What technology did you use to build the scraper and how did you get around the usual challenges (anti bot, ip banning, etc) with scraping large amounts of data?
Scraper is built in Javascript and a Mongo database. Probably not the most scalable way to do it, but I found that all Shopify stores have a public JSON file available at [Base URL]/products.json.

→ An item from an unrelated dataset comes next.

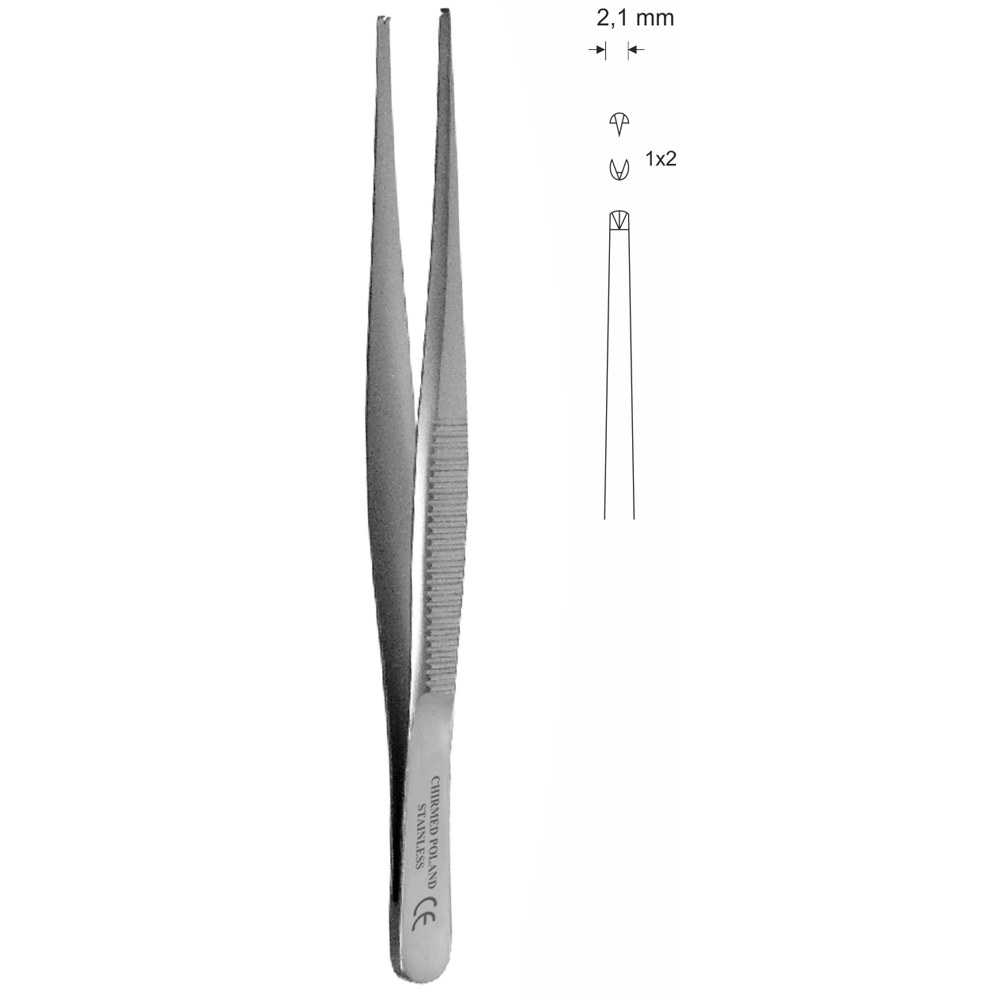 Pinceta chirurgiczna, dł. 130 mm, czubek 2,1 mm, 1×2 ząbki, prosta
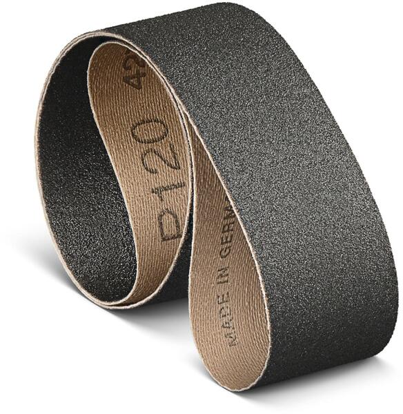 Textil csiszolószalagok. Szemcse típus: alumínium-oxid, félig nyitott. Műgyanta ragasztású speciális szöveten

So found a list of stores, built a crawler to go store-by-store, and standardized the data on my end.
"Has the site a /products.json file?" is a good first check :) And if it does, "Does that format match with the format a Shopify store?" is another good followup question.
There are lots of telltale endpoints that you could just HEAD for a 200 vs 404. Or even just the products.json itself is a pretty good giveaway.
Or an even better way I’ve done in the past (to check which competitor’s platform a list of prospects is using in bulk) is just to use the DNS — a Shopify shop will be CNAMEd to a certain Shopify hostname.
> Bought an initial list of 2m stores for a few hundred dollars from a website called "Built With". Think they are used for building sales outreach lists. Then narrowed down the focus to stores to US only and between $100k - $1m in revenue to keep the initial data set manageable (and the CPU / Storage costs reasonable).
(not the OP, but I have some experience with Shopify)
Shopify stores publish their product catalog at /products.json. From personal experience, you can hammer it pretty hard without being rate limited.
A challenge is that the pricing info in that endpoint is based on the stock Shopify catalog fields, and can be misleading depending on the specific theme customizations that the merchant uses.
Here's an example: https://www.wildfox.com/products.json